In the mid-20^th century three notable physiotherapists Kaltenborn, Maitland and Paris chose to work with and study under expert manipulators within the three professions of Physical Medicine, Chiropractic and Osteopathy around the world. The conjoint result of their experience was to be the first ‘evolutionary’ change within Manipulative Therapy for over ten thousand years. A new concept was born: specific spinal segmental mobilization and it rapidly gained popularity within the manual orthopaedic community mainly because each system was gentle and non-provocative i.e, in the spirit of Hippocrates to do ‘no more harm’. Using the relatively new science of arthrokinematics the ‘Kaltenborn/Evenjth’ system further evolved orthopaedic manual therapy to include specific spinal segmental assessment and distractive and translatory manipulative thrust techniques.

Specific vs non-specific techniques:

Signs and symptoms of a specific segmental lesion can be treated adequately with a non-specific approach. For example, signs and symptoms of an L5 postero-lateral disc protrusion can be alleviated with the` McKenzie extension protocol`. In the case of foraminal compression C6 nerve root signs and symptoms may be relieved by postural correction. Such postural correction may be enhanced by manipulation of the thoracic spine (3).

In the case of manipulative thrust technique localised lumbar pain can be alleviated by a non-specific rotational (distraction or `gapping`) technique if the patient’s presentation fits the clinical prediction rule (4). However, such a rule relates to a very small proportion of the overall low back dysfunction population and is designed for lesions of recent onset and localised lumbar pain. Suggested reasons for the efficacy of such a technique might be that distraction (more likely de-compression) of the Z-joint may enable a segment to achieve a more normal biomechanical function having exceeded its anatomical neutral zone (5). Another may be the release of an entrapped meniscoid body (6). Both explanations remain hypothetical as are the majority of issues related to spinal manipulative technique.

Relating to the cervical spine, before an argument for SSSTT is put forward it is necessary to ask the questions ‘What lesion, or dysfunction, is actually being manipulated i.e, what causes Zygapophyseal joint (Z-joint) hypomobilty?’ If we do not, at least, have a theoretical patho-mechanical model of how motion is lost then arguments regarding specificity versus non-specificity will be insoluble.

Analysing peripheral joint hypomobility we see a fairly large list of recognized causes including muscle spasm and contracture; intra-articular loose bodies; articular surface disruption e.g, fracture; capsular contracture; ligamentous adhesions. All of these lesions can occur within spinal segments and obviously affect Z-joint motion but it is extremely doubtful that any of them would be amenable to SSSTT. Neither would SSSTT be appropriate for the acute/sub-acute post-traumatic arthritis (within 2 months). All of the preceding pathologies appear to do better with medication, mobilizations and exercises.

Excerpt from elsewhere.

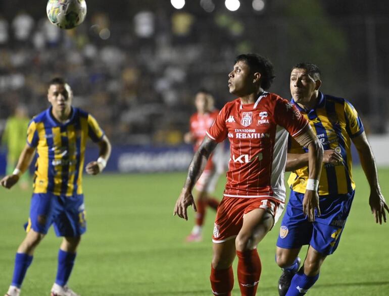 Nicolás Maná es amonestado por falta sobre Teodoro Arce

The so called chronic Z-joint hypomobility that seems to respond best to SSSTT has certain characteristics:

The lesion only seems to affect one quadrant of motion e.g, a loss of right side bending in extension, whilst the other quadrants remain fully mobile. I believe this type of dysfunction was first described by Stoddard as the ‘Osteopathic lesion’.
The end-feel is hard and painless, at least with regard to the hypomobile joint.
The pre-manipulative hold produces no radiating, long-tracking or neurovascular symptoms.
The pre-manipulative hold produces no localized reactive spasm or pain.

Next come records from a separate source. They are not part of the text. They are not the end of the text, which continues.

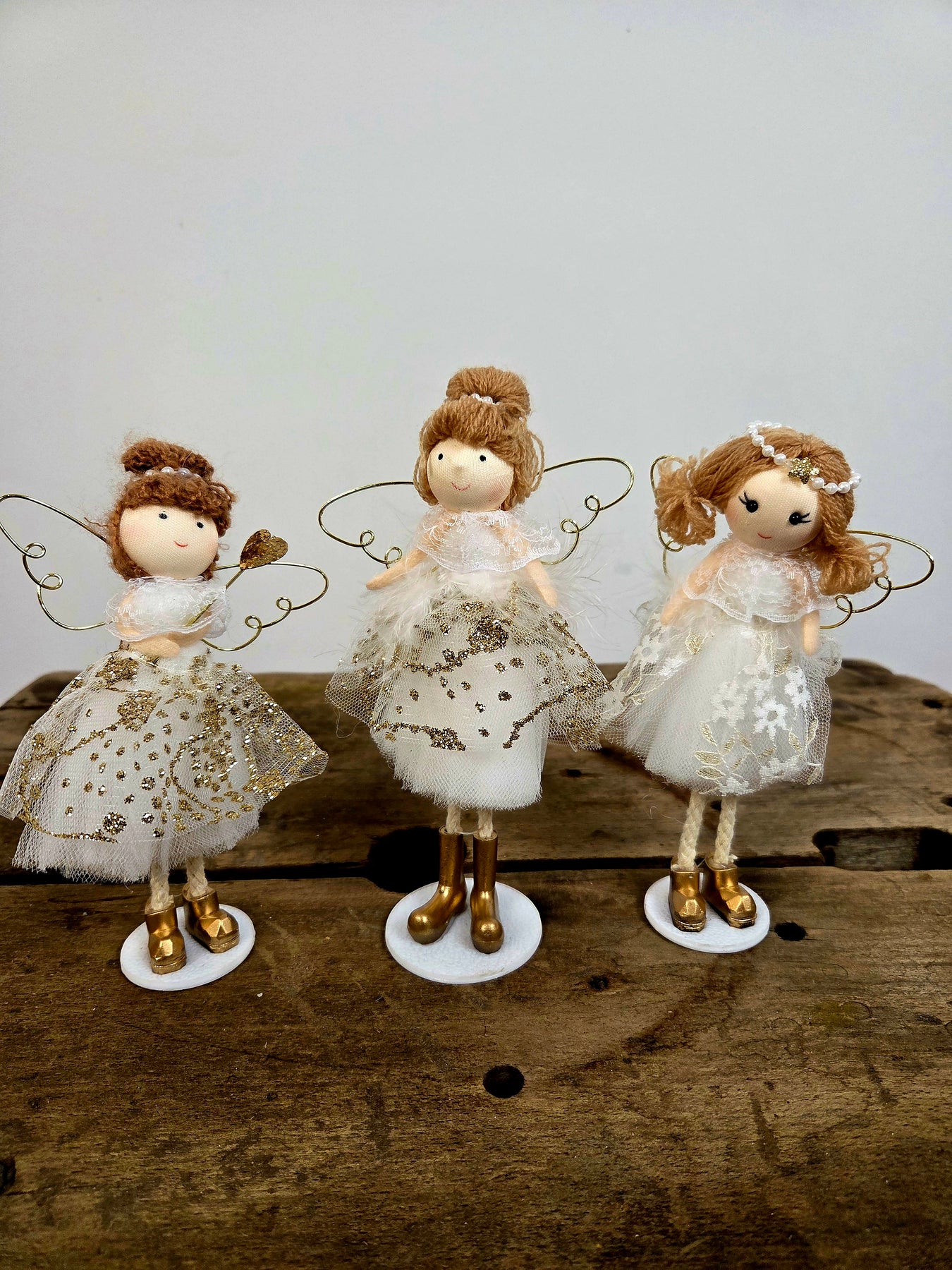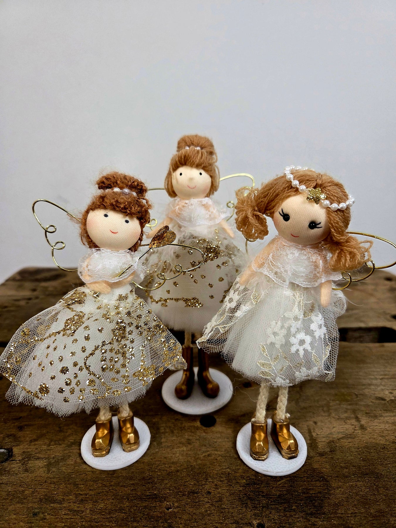 Disse fortryllende julefeer er det perfekte pynt til at tilføje en magisk og eventyrlig stemning til dit juletræ eller hjem. Håndlavet med fine detaljer som blødt stof i ansigt og kjole, krøllet garnhår i brunlige toner, gyldne wire-vinger og en lille tryllestav med glitterstjerne, der giver et sødt og drømmende udtryk. Kjolerne er i lette, gennemsigtige materialer som tyl og blonde med glimmeraccents i nuancer af hvid og guld, der fanger lyset smukt. Med en hængesnor er de nemt at ophænge på træet, i vinduet eller som en del af en større dekoration – sættet inkluderer flere varianter for en varieret og charmerende samling. Ca. 10-15 cm høje, er de ideelle til både traditionel og romantisk julindretning, og vil bringe smil og fantasi ind i højtiden år efter år!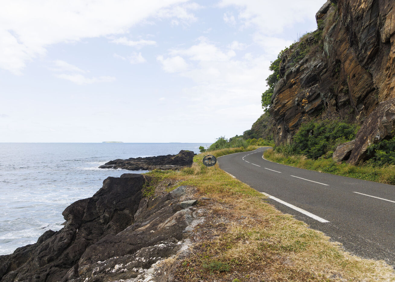 Dans l’Est de la Grande Terre, l’île principale de la Nouvelle-Calédonie, la route de la Corniche relie les villes de Pouébo à Hienghene. Entre océan Pacifique et montagnes, entre les plages de galet gris et les falaises tombantes à la végétation luxuriante, cette route étroite et sinueuse au bord de mer offre des points de vues époustouflants sur l’horizon. De ces montagnes majestueuses qui tombent dans le Pacifique, la Nouvelle-Calédonie prend des airs d’Ecosse.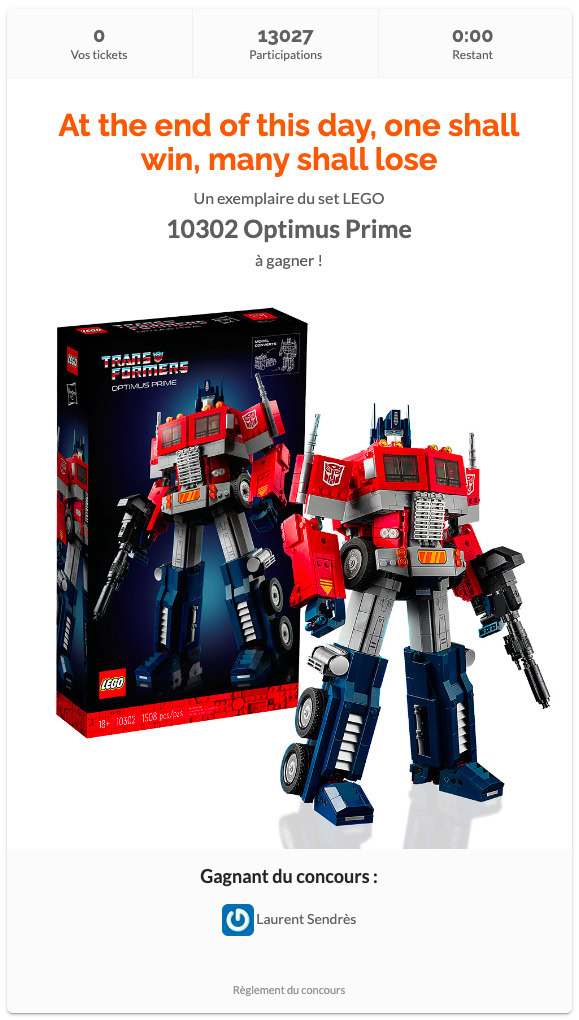 C'est le moment de profiter des vacances des autres pour tenter de gagner des trucs : il y aura comme d'habitude des concours durant l'été et on commence aujourd'hui avec la mise en jeu d'un exemplaire du set LEGO 10302 Optimus Prime d'une valeur de 169.99 €.

Furthermore, post manipulative response needs to be explained:

Both through passive intervertebral motion testing (PIVMs) and active ROM testing there is an immediate positive response in regaining motion.
It does not appear to matter how chronic the lesion may be, chronicity being determined by a history of trauma and onset of symptoms. Dysfunctions that appear to have their origins many years in the past still respond positively to SSSTT.
With regard to the above, in spite of perhaps years of hypomobility there are no signs, on visual diagnostics, as to any significant segmental deterioration. This would be impossible if multiple quadrants of motion were affected.
SSSTT alone fails in the overall rehabilitation of the patient. Only when segmentally specific and regional neuromuscular re-education is employed is successful resolution of motion to be anticipated. An immediate question arises here that perhaps such neuromuscular re-education is the key, that it alone may resolve the problem. In my experience of working for many years with younger therapists whose only tools are segmental mobilizations and muscle re-education techniques I suspect this is not the case. SSSTT appears to be the ‘key’ that opens the ‘door’ to neuromuscular re-education.

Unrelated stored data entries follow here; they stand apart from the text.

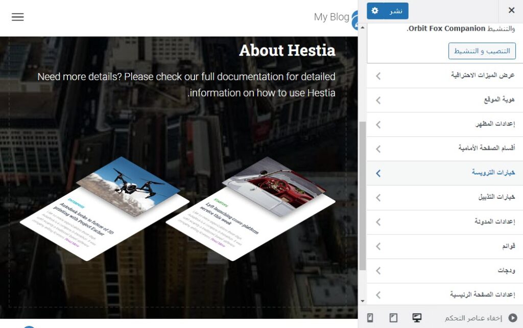 - أولها عبارة عن شريط أدوات موجود في الأعلى يمكِّن المستخدم من تنفيذ عدد من الإجراءات، مثل الرجوع عن آخر التغييرات، وحفظ التغييرات، ومعاينة الصفحة، وأيضًا تعديل إعدادات الموقع الرئيسية، مثل موضع قائمة التنقل، والشعار، والرمز الذي يظهر في شريط المتصفح وغيرها.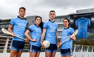 11 October 2018; Dublin stars, from left, Chris Crummey, Olwen Carey, Brian Fenton and Eve O'Brien, were on hand today to help Dublin GAA and sponsors AIG Insurance to officially launch the new Dublin jersey at AIG’s head office in Dublin. Photo by Sam Barnes/Sportsfile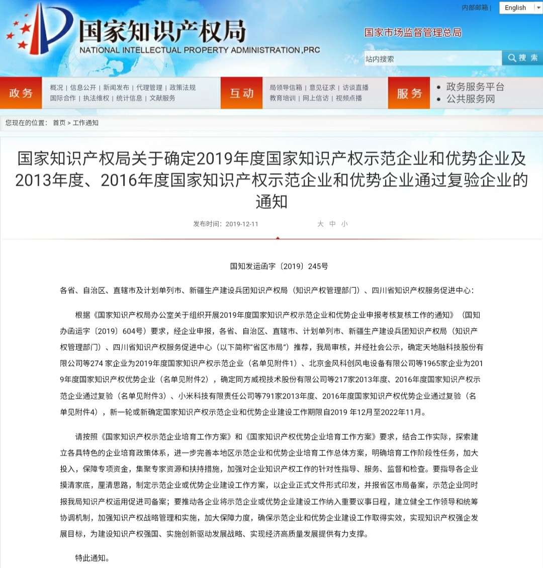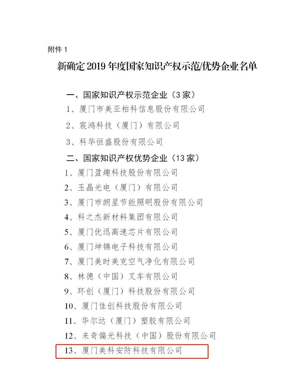 喜訊!美科成功入選2019年度國家知識產權優勢企業!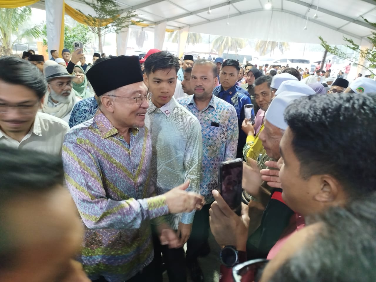 ANWAR bermesra dengan rakyat yang turut menghadiri Majlis Santuni Madani dan Sambutan Ihya Ramadan warga Padang Rengas bersama Perdana Menteri di Padang Rengas hari ini.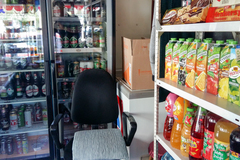 Pawilon wykonany jest z blachy, witryny zamykane są roletemi, w pomieszczeniu są lodówki i chłodnie.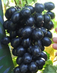 Столовый сорт дает урожай 20–25 августа. Гроздья конические, весят от 1 до 1,5 кг. Ягоды продолговатые, черного цвета, есть слабый восковой налет. Весят около 10 г, кожица плотная. Вкус сладкий, с освежающей приятной кислинкой.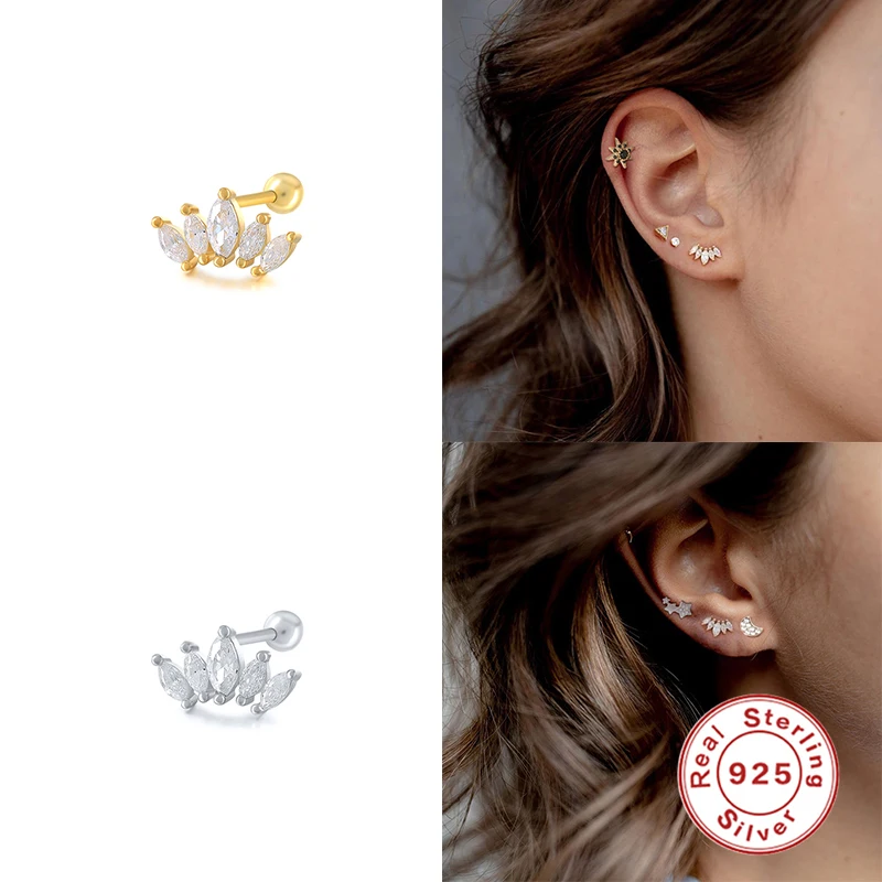 أضيئي إطلالتك مع قرط كانر الفضي بتصميم القمر المرصع المصنوع من الفضة الإسترلينية 925 عالية الجودة.

So looking at the above mentioned pre and post-manipulative characteristics of hypomobile Z-joints a theory needs to be proposed as to what creates such a dysfunction initially, and then how SSSTT assists in the rehabilitation of such a dysfunction and why it is such a necessary component.

A hypothesis as to the cause of single quadrant Z-joint hypomobility:

When two or more forces act simultaneously at a single point there will be a resultant force vector (diagram). When one or more of these forces change, the resultant vector will change accordingly. The most common example of this is in patello-femoral mal-tracking (diagram). Inhibition of the VMO, or an imbalance in the hip rotator strength will lead to excessive lateral displacement of the patella, most pronounced at 30 degs of knee flexion (5). In this instance such mal-tracking is occurring in a very mobile articulation. Now imagine the same mal-tracking occurring within a very restricted joint.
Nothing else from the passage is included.